━━ DATA FOR ANALYSIS
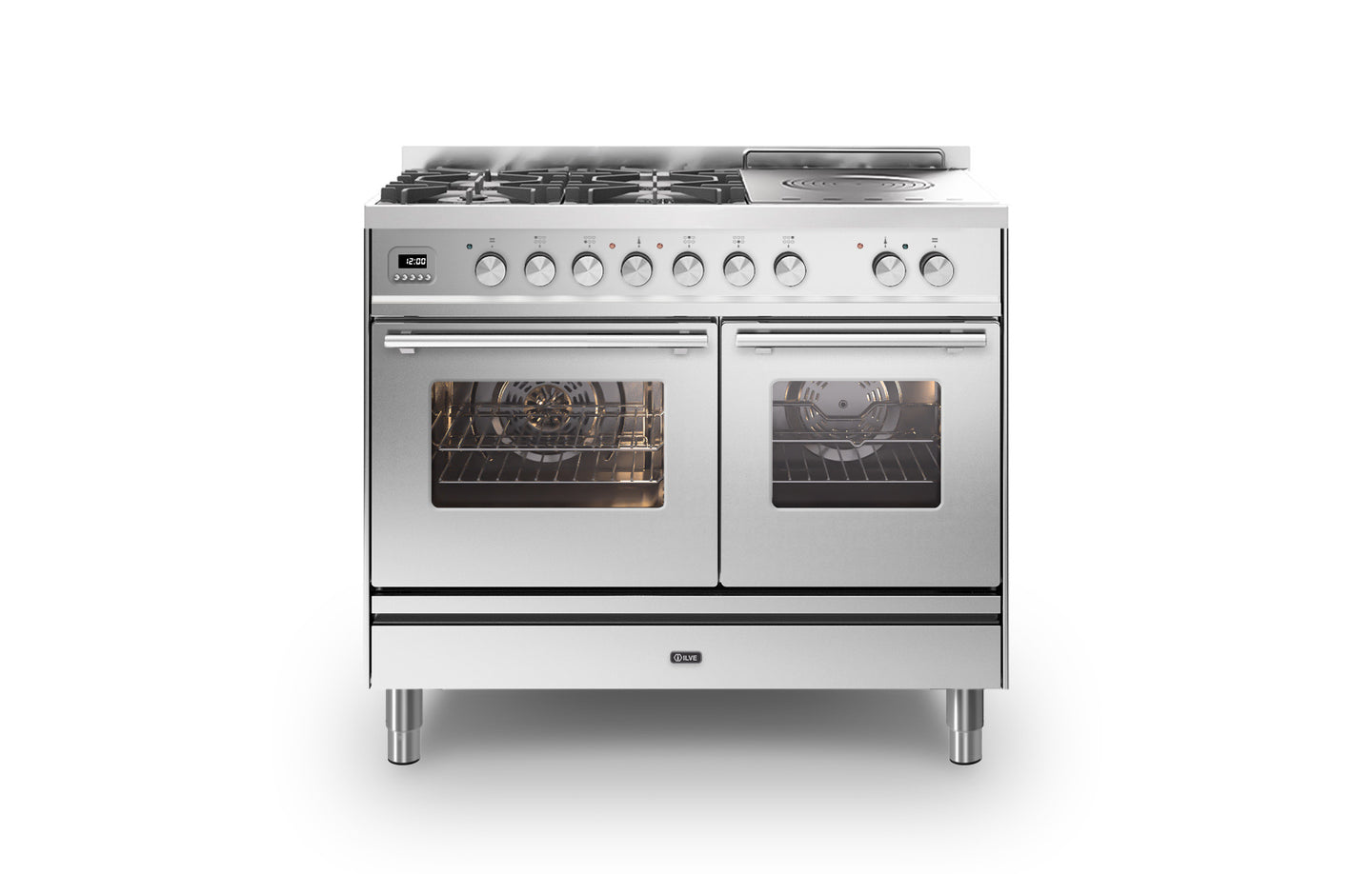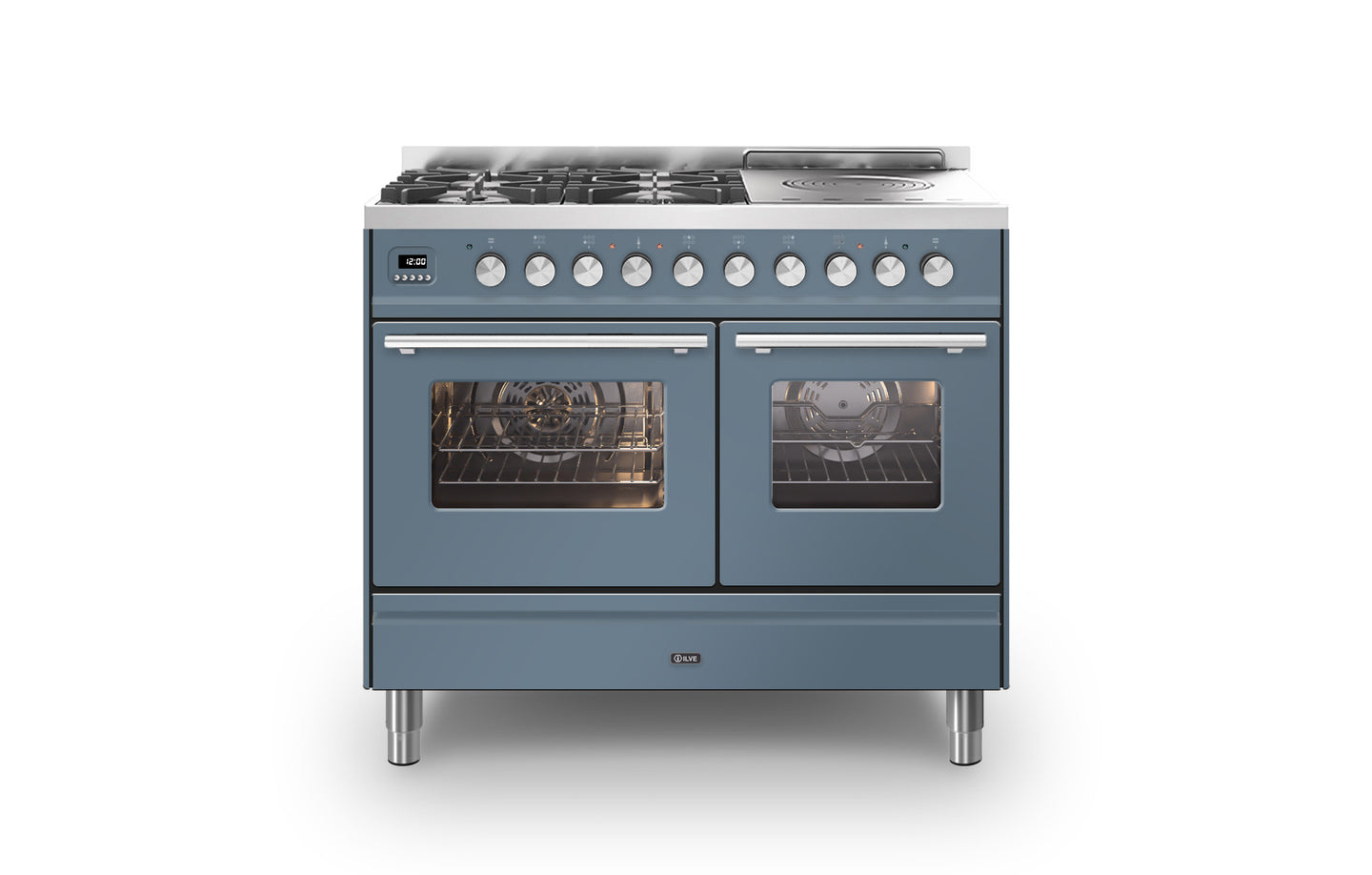 The 100 cm Roma range cooker has a contemporary design, perfect for any modern kitchen. This range cooker has two large ovens with a capacity of 56 and 65 litres. With ILVE’s soft closing door system, both oven doors and storage doors can be closed gently.
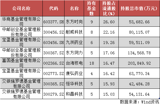 从上表可以看到,共有8只个股的持股占流通股比超15%,包括东方时尚(603377.SH)、耐威科技(300456.SZ)、九洲药业(603456.SH)、东方网力(300367.SZ)、台海核电(002366.SZ)、康弘药业(002773.SZ)、恒华科技(300365.SZ)、和晶科技(300279.SZ)等。
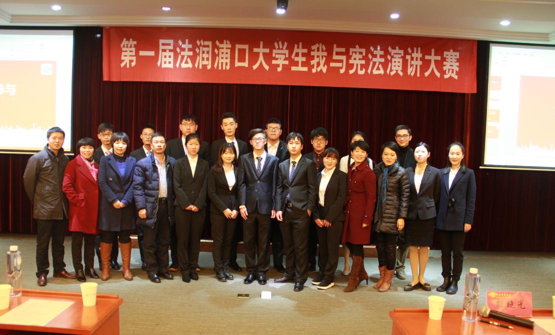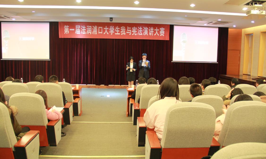 12月6日下午,为了进一步深化“国家宪法日”的学习宣传教育活动,第一届“法润浦口”大学生“我与宪法”演讲大赛在我校教学法庭举办,本次大赛由浦口区司法局、浦口区润泽法律服务中心和51视频 联合主办,来自南京工业大学、江苏警官学院、南京信息工程大学和51视频 等浦口区高校的14名选手参加了比赛。浦口区司法局宣传科袁跃东科长、浦口检察院胡晓光检察官、南京工业大学法律与行政学院彭奕教授、江苏警官学院图书馆刘莉馆长、南京信息工程大学法政学院团委书记任团伟、51视频 副院长何新容、51视频 实践教学中心秦康美主任和51视频 理论法系主任孙展望等老师出席本次比赛并担任评委。
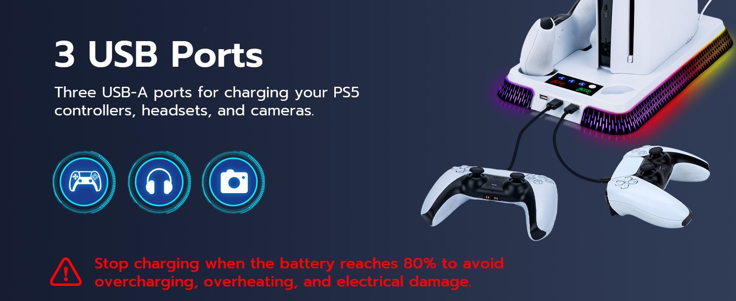 - 3 USB Ports & Overcharge Protection: The cooling stand includes three USB female ports. The smart protection chip prevents overcharging by cutting off charging at 80% capacity, avoiding overheating, electrical damage, and ensuring device safety.
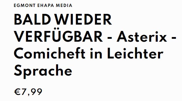 Erik hat geschrieben: 11. August 2023 13:54...Sie ist nicht sinnentstellend und wenn sie - laut Vorwort ja von 4 lernschwachen Personen geprüft - für Personen mit sprachlichen Schwierigkeiten tatsächlich besser verständlich ist, ist damit durchaus etwas gewonnen. Man könnte durchaus erwägen, mehr Asterix-Bände auf diese Weise für die entsprechende Zielgruppe umzusetzen, so dass sie Freude an den Asterix-Comics gewinnen kann.
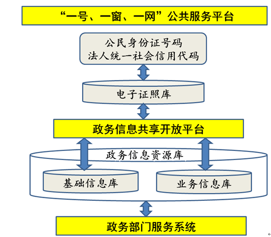 “一號、一窗、一網(wǎng)”的信息共享開放業(yè)務(wù)架構(gòu)為:通過統(tǒng)一的公民身份證號、法人統(tǒng)一社會信用代碼和綁定身份證號及法人代碼的實名電子證照,對接教育服務(wù)、醫(yī)療衛(wèi)生、社會保險、社會福利、社會救助、住房公積金、勞動就業(yè)、婚姻登記、殯葬服務(wù)、住房保障、公共安全等民生服務(wù)領(lǐng)域的政務(wù)信息共享和開放,實現(xiàn)“一號申請、一窗受理、一網(wǎng)通辦”的政務(wù)服務(wù)。
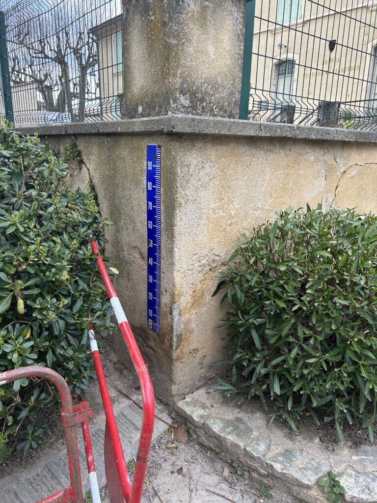 Door overstromingen van de Cèze is het water soms zo hoog gekomen dat de hele begane grond onder water stond. Op de gevel staat een markering met jaartal van de hoogste overstromingen.
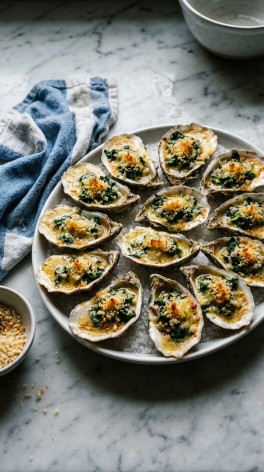 For Oysters Rockefeller, select fresh, medium to large Gulf Coast or Pacific oysters, as their brininess complements the rich herb-infused topping.
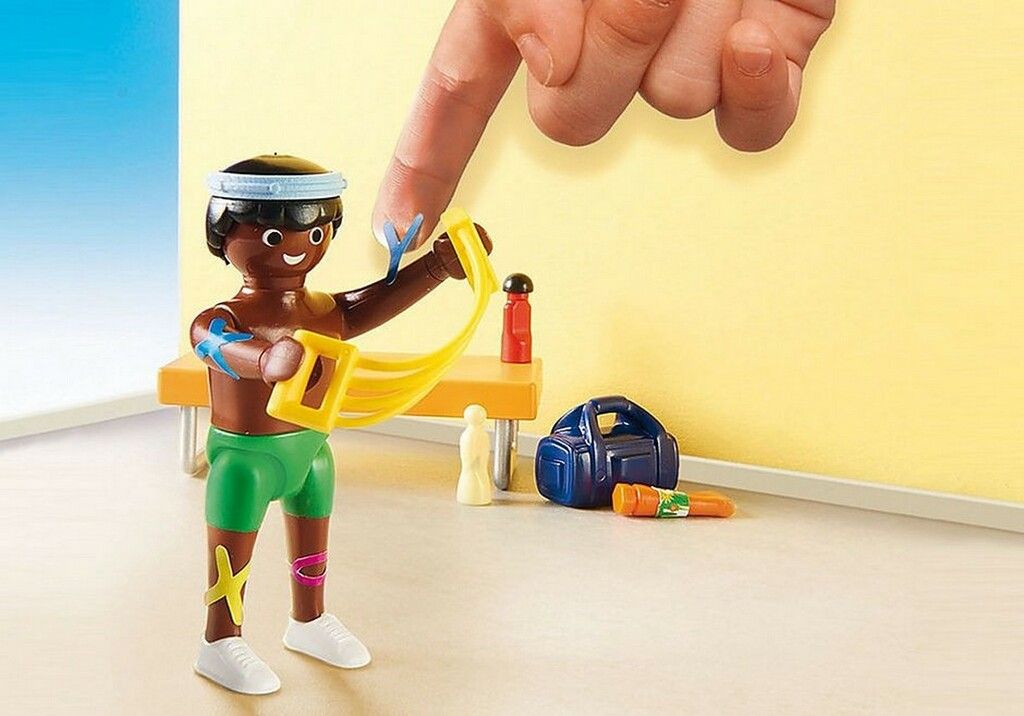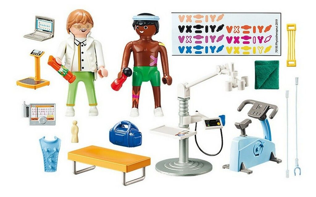 70195 SALA DE KINESIOLOGIA FISIOTERAPEUTA – CITY LIFE PLAYMOBIL EL KINESIOLOGO USA EL ECG DE EJERCICIO EN LA BICICLETA ESTATICA- PARA MEDIR EL RENDIMIENTO DEL PACIENTE. CON PEGATINAS DE CINTAS DE COLORES Y MUCHOS ACCESORIOS. 39 PIEZAS. DIMENSIONES- 7.2 X 14.2 X 18.7 CM APROX. EDAD RECOMENDADA- 4 ANOS EN ADELANTE.
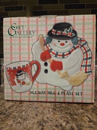 Fitz & Floyd Ceramic Snowman set! NEW in original box: 10" x 10". Plate: 9" x 10" Mug: 20 oz 4 1/2" H x 4" diameter Call/text
━━━━
**ACTIVITY:** The answer must be an exact transcription of the lines from the one holding "For Oysters Rockefeller, select" to the last line of the entries above, with no pictures and nothing else.

**RESPONSE TO THE TASK:**
 For Oysters Rockefeller, select fresh, medium to large Gulf Coast or Pacific oysters, as their brininess complements the rich herb-infused topping.
 70195 SALA DE KINESIOLOGIA FISIOTERAPEUTA – CITY LIFE PLAYMOBIL EL KINESIOLOGO USA EL ECG DE EJERCICIO EN LA BICICLETA ESTATICA- PARA MEDIR EL RENDIMIENTO DEL PACIENTE. CON PEGATINAS DE CINTAS DE COLORES Y MUCHOS ACCESORIOS. 39 PIEZAS. DIMENSIONES- 7.2 X 14.2 X 18.7 CM APROX. EDAD RECOMENDADA- 4 ANOS EN ADELANTE.
 Fitz & Floyd Ceramic Snowman set! NEW in original box: 10" x 10". Plate: 9" x 10" Mug: 20 oz 4 1/2" H x 4" diameter Call/text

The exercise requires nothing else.